Annoyed as Pam was by Jack’s defection, she could not refrain from putting down her book and letting her thoughts centre on him. How splendid he really was, so straight and decent, and in spite of his being late tonight, how utterly dependable! Not too brilliantly clever perhaps, but such a dear! He was like a great dog, strong and brave as a lion, though perhaps none the worse for a little gentle suggestion as to the direction his energies should take. Pam smiled dreamily as she told herself that in future she should be the person to provide that suggestion. She could indeed make him do anything she liked, except where his ‘not done’ code was involved: then he could be as pigheaded as anyone. Never mind! She loved him the better for it.
Then at last at nearly ten o’clock came the quick step on the gravel and the ring on the front door bell. Pam had an urge to rush out, snatch open the door and fling her arms round Jack. But she restrained herself, deliberately even sat for a few moments before going to the hall. Jack must not be spoiled. He must make proper explanations and apologies before he could be received into full favour.
But Jack, when at last the door opened, was evidently thinking of neither of the one nor the other. Without ceremony he caught her in his arms and squeezed her to him, then planted a rather hasty kiss on her lips, put her down, and pushed his way in as if taking her joy at seeing him for granted.
‘I thought you were coming at eight o’clock,’ Pam said rather primly.
He brushed the suggestion airily aside. ‘I know. Couldn’t get away. Look here, Pam, I’ve something to tell you. Come out for a walk, will you? I can’t talk here in the hall.’
She looked at him more critically. He was unduly excited. Something had certainly happened.
‘You can come into the sitting room, I suppose?’ she suggested coolly. The apology she considered inadequate.
He looked in and saw it was empty. ‘Yes, I suppose so. Your father gone to bed?’
‘Yes. Is it the costumes?

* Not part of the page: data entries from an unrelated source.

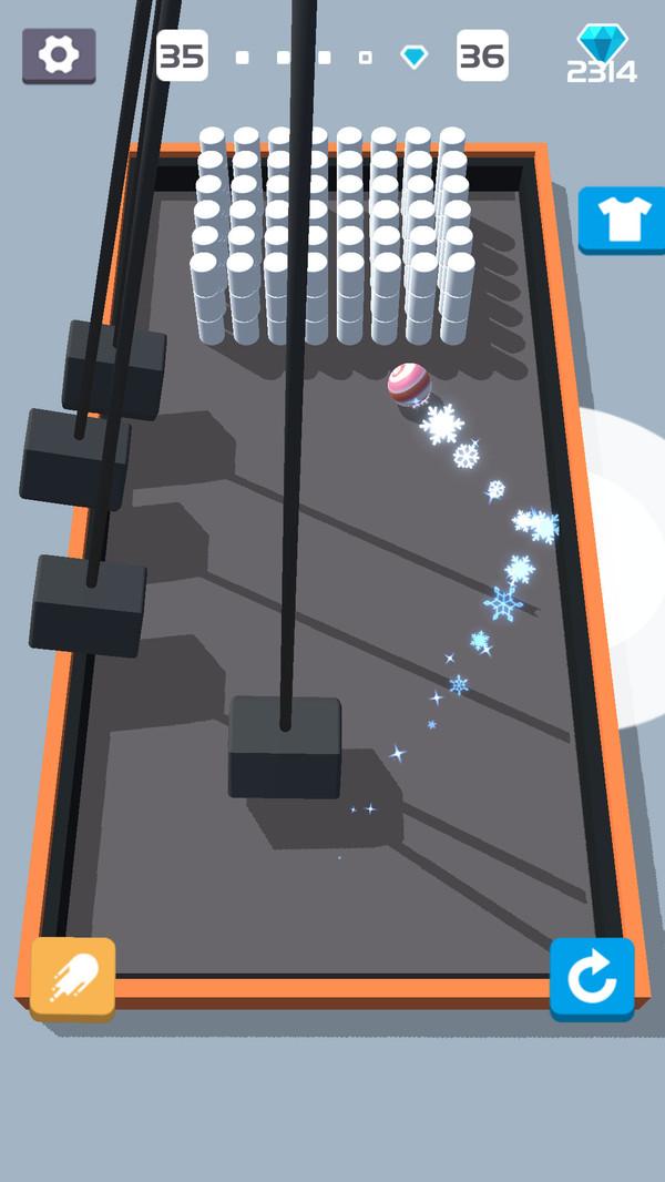 简单有趣的游戏玩法,找准角度,蓄力发射,感受保龄球将各种图案打散的快感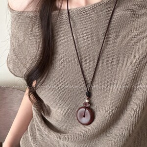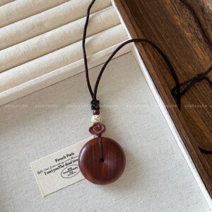 新中式国风檀木平安扣吊坠项链女编织绳长款毛衣链复古简约配饰品
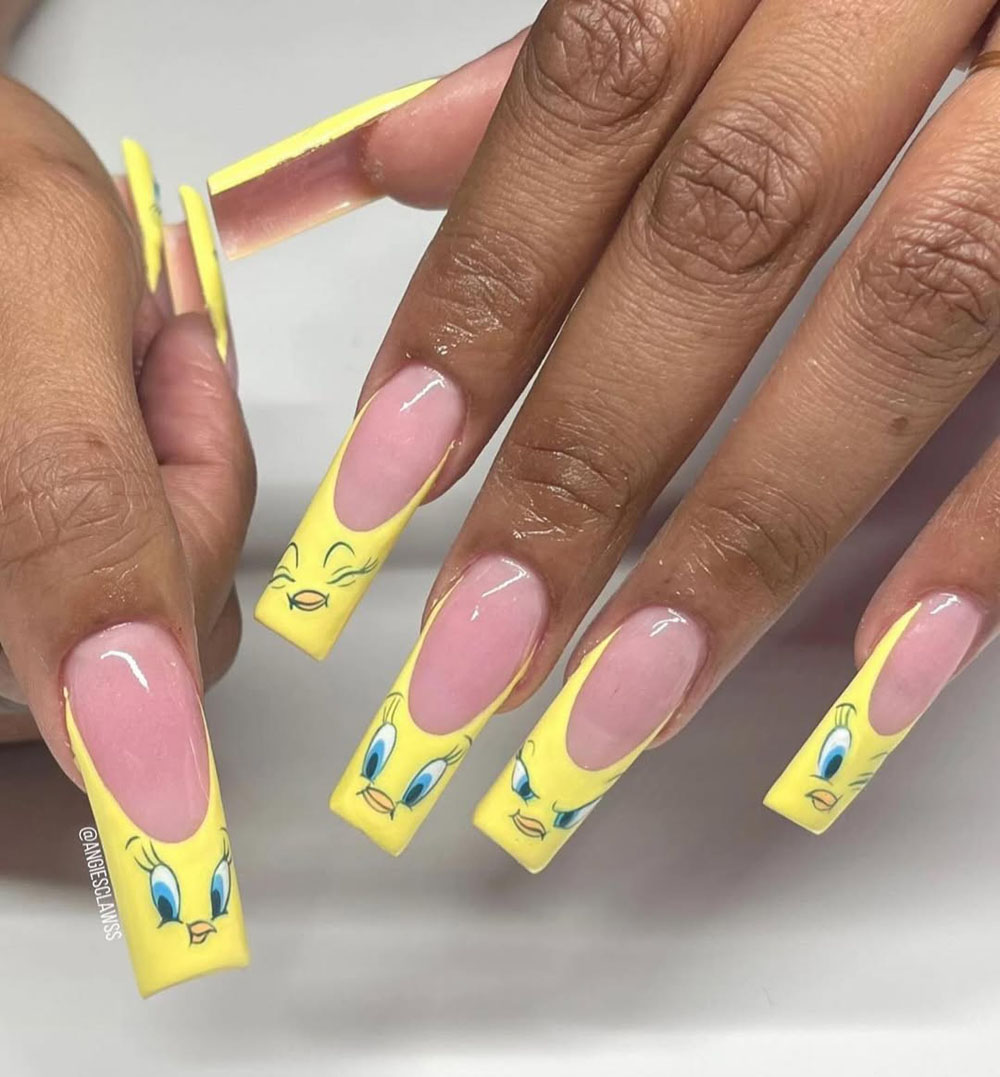 OK but how fun is this?! Cartoon nails are trending hard this season, and this set brings the playful energy to a whole new level. Each nail features Tweety’s little expressions on a soft yellow French tip. It’s giving retro, bold, and totally nostalgic in the best way.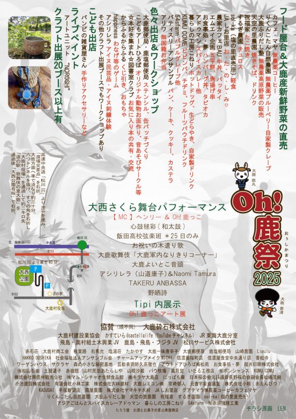 『Oh!鹿祭2025(オー!しかまつり)』紅葉シーズンの「大西公園」でクラフト・フード・ワークショップを満喫!ステージではアーティストによるライブも。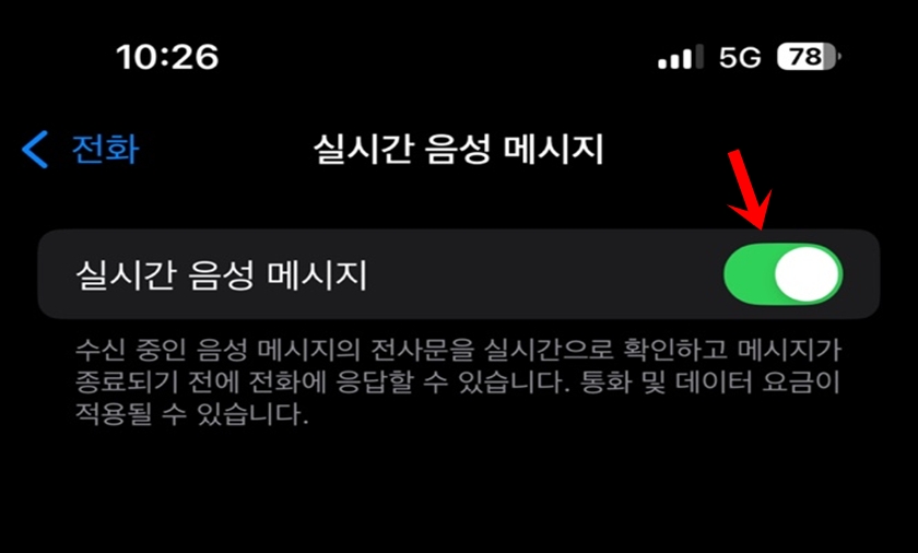 위 사진처럼 "실시간 음성 메시지"기능이 활성화되어 있을 텐데, 클릭해서 비활성화해주시면 아이폰에서 벨소리 3번 울리고 음성사서함으로 넘어가는 부분은 해결이 가능해요. 간단하죠?
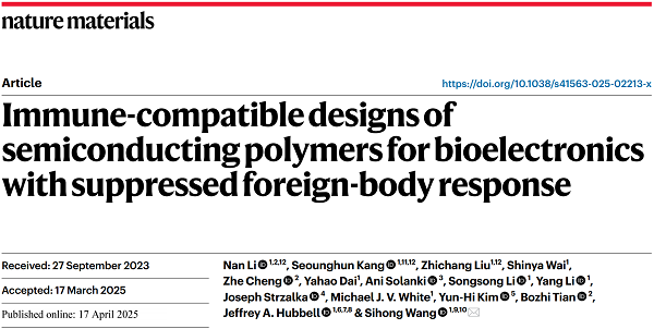 原文详情:Immune-compatible designs of semiconducting polymers for bioelectronics with suppressed foreign-body response (Nat. Mater. 2025, DOI: 10.1038/s41563-025-02213-x)

Have they not turned up?’
He made a gesture relegating costumes to the limbo of the forgotten. ‘Of course it’s not the costumes,’ he declared. ‘Costumes!’ he repeated in a voice of ineffable scorn. ‘I’ve got something more interesting to talk about.’
‘You’re very mysterious,’ she said thawing.
‘It’s nothing now,’ he returned as he dropped into Mr Grey’s arm chair and pulled out his cigarette case. ‘But it’s what it might become.’ He held out the case. ‘There seems to be no end to the possibilities.’
‘Incidentally you might mention what you’re talking about.’
‘Isn’t that what I’m doing? I don’t think I told you, but two or three days ago I met M‘Morris. As a rule, you know, I haven’t much use for M‘Morris, but this time he stopped and began to talk. Said he’d just been coming to see me to know whether he could interest me in a scheme that he was pretty much interested in himself and that he wanted some help with. He said if the thing was a success there would be pretty big money in it for all concerned.’
Pam looked doubtful. ‘I never cared much for Ned M‘Morris,’ she declared. ‘What’s the scheme?’
‘Something chemical: I haven’t got the details yet. They think they’ve made some discovery that’ll simply ooze money. But they want to do some more working out first to make sure everything’s O.K.’
‘They?’
‘Yes, M‘Morris and his friend Ferris. I’ve just been seeing them. That’s what kept me.’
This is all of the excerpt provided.